When they do, they don't call him a storyteller anymore.
The Ada "expert" said it was the best print of "bigfoot" toes he had ever seen. It was bigger than any other print he had seen as well.
Hardaway said the Ada man told him several theories he has.
One is that they breed this time of year in this remote mountain range.
Second is that they follow creeks and are nocturnal, traveling at night.
Third is that they cover a lot of territory, 15 or 20 miles per night.
"He has these theories but he's never seen them," says Hardaway, who remains dubious about bigfoot.
Animals seen frequently at the site are hogs, deer and bear. Bear were seen fairly often last year, when the site was logged for about six months, but not this year. However, they have only been on the site during the late fall, which may not be a time bears are moving as much.
The mountains have big rocks, but they have also not found a bear den.
Davidson said the Hardaways are all experts at identifying animal tracks and that this find really stirred them up and puzzled them.
"You can tell where it slid, and turned up some mud in the palm of the foot," said Eric Hardaway. "It was real good tracks to see."
The site starts 4.8 miles north-northeast of Nashoba (about six road miles to the top, using Black Fork Trail) and the mountaintop is midway between the Kiamichi River to the north and the Little River to the south.
The trail cuts through the property from southwest to northeast.
Old logging trails are found in the area showing it was logged many years ago, said Davidson. Some of the shortleaf pine stands are about 90 years old, he noted.
The mountains and the Kiamichi Mountains that adjoin them on the north at Tuskahoma extend east-northeast into LeFlore County, to the Three Sticks monument on U.S. 259 at Big Cedar.
Word got around as deer season progressed. Calls came from people in Durant as well as Ada.
Johnny Hardaway said Dr. Lewis Stiles, who is on the wildlife commission, was among those contacted.

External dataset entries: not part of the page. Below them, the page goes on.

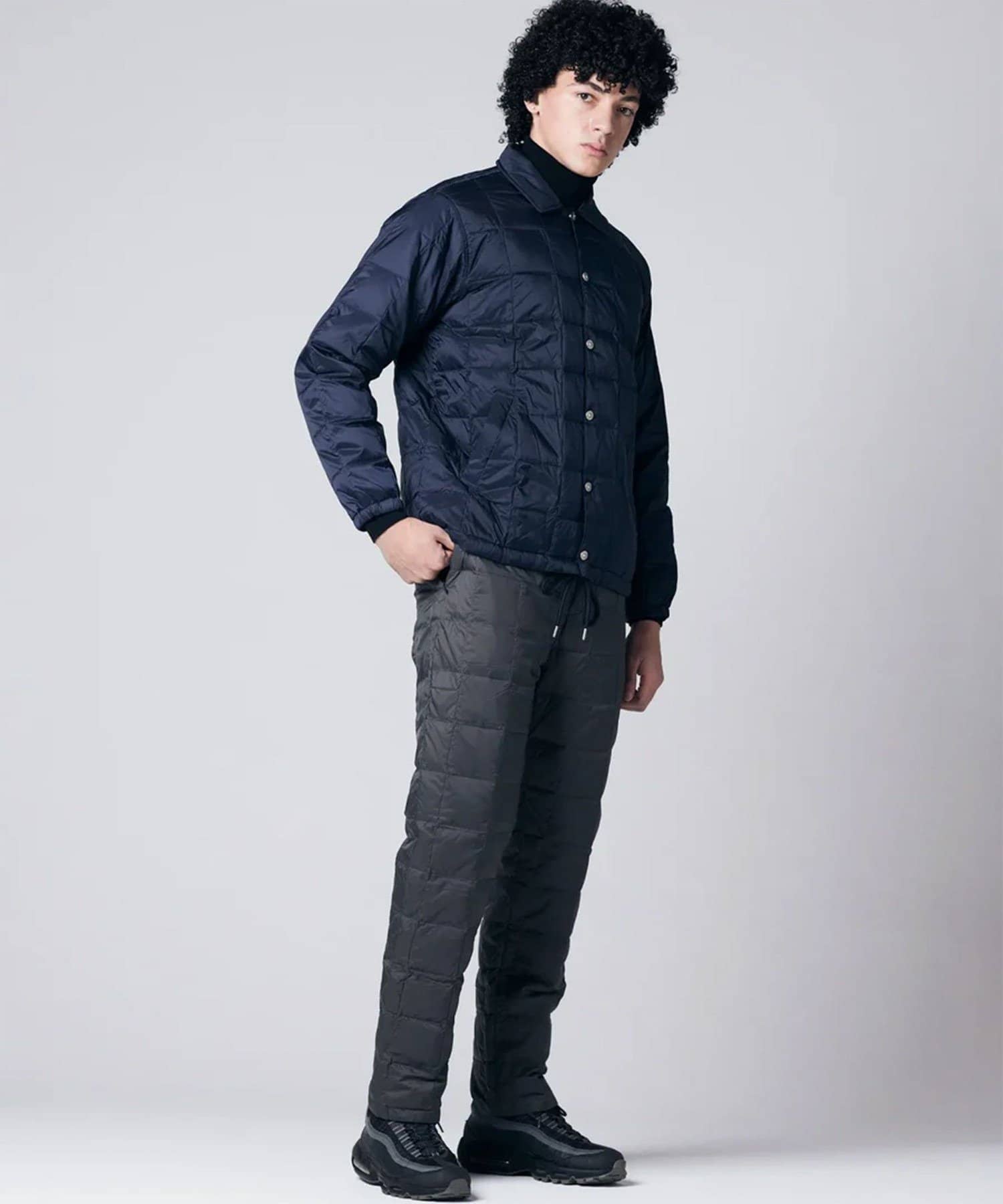 TAIONの定番、ベーシックインナーダウンは、ジャケットやコートの下に着るのはもちろん、Tシャツ・シャツなどの上にも気軽に羽織れる、軽くて暖かく着回しやすいシンプルなデザインが特徴です。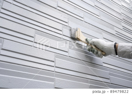 刷毛で戸建て住宅の外壁を塗る塗装職人の手元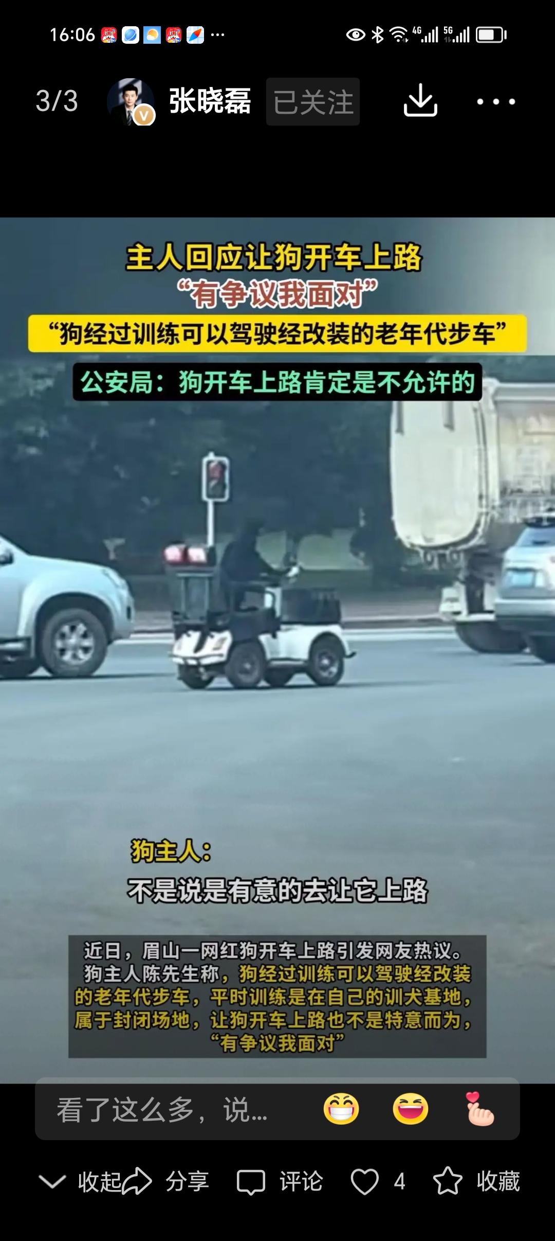 四川眉山,一只狗开着老年代步车上路,被网友质疑不安全!狗主人:“很憋屈,以前牛拉

Eric Hardaway said he used to make fun of people who told bigfoot stories. Now he says he won't be so quick to make a judgment.
Is he starting to change his mind?
"I heard the people around Honobia talking about it three years ago, but didn't believe it then," he said.
Hardaway is still not convinced, but yet is puzzled about what the tracks could be.
But he doesn't make fun of those people anymore.
"Randall Wright came to my dad's house and looked at the video," Hardaway said.
Wright, of Honobia, knew a man named Humphreys from Honobia who had something that he felt was a bigfoot was pestering his dogs and throwing rocks at their house. "It scared them to death and those people moved clear out of the country," said Eric Hardaway.
Some people around Honobia said the Humphreys were believable people, but they didn't know what to make of the bigfoot implications.
Another man from Ada who called Eric's dad, Terry Don Hardaway, was "wanting us to find hair" around the tracks.
Tim Harjo, who took part in an Oklahoma bigfoot video on a syndicated channel earlier this year, has a friend who was driving in on Black Fork Trail to set up a deer camp Nov. 21. This friend saw the loggers looking at the tracks and contacted Harjo, who reportedly came down after deer season started and wants to follow up the investigation.
Another man who came to the site tried to make a cast but it didn't work and wiped out a clear footprint, said Voss.
With Black Fork Trail, which ultimately runs into Cripple Mountain Trail, and K-Trail which follows Kiamichi Mountain just a few miles to the north, it makes this a well-traveled area in deer season, but there are few year-round inhabitants on the mountain.
And never before has anyone traversing this mountain reported a bigfoot traveling or crossing it.
"I don't believe in what they call Big Foot," said Eric Hardaway. "If I seen it, that's the only way I would believe it."
But he does look more closely at the ground and the surrounding woods now as he gets down from his machine to bind a load of logs.
And Johnny Voss, who leaves home at Redland at 3:30 a.m. each morning to arrive for the first load from the mountain before sunrise, says he’s a little apprehensive but feels better at first light.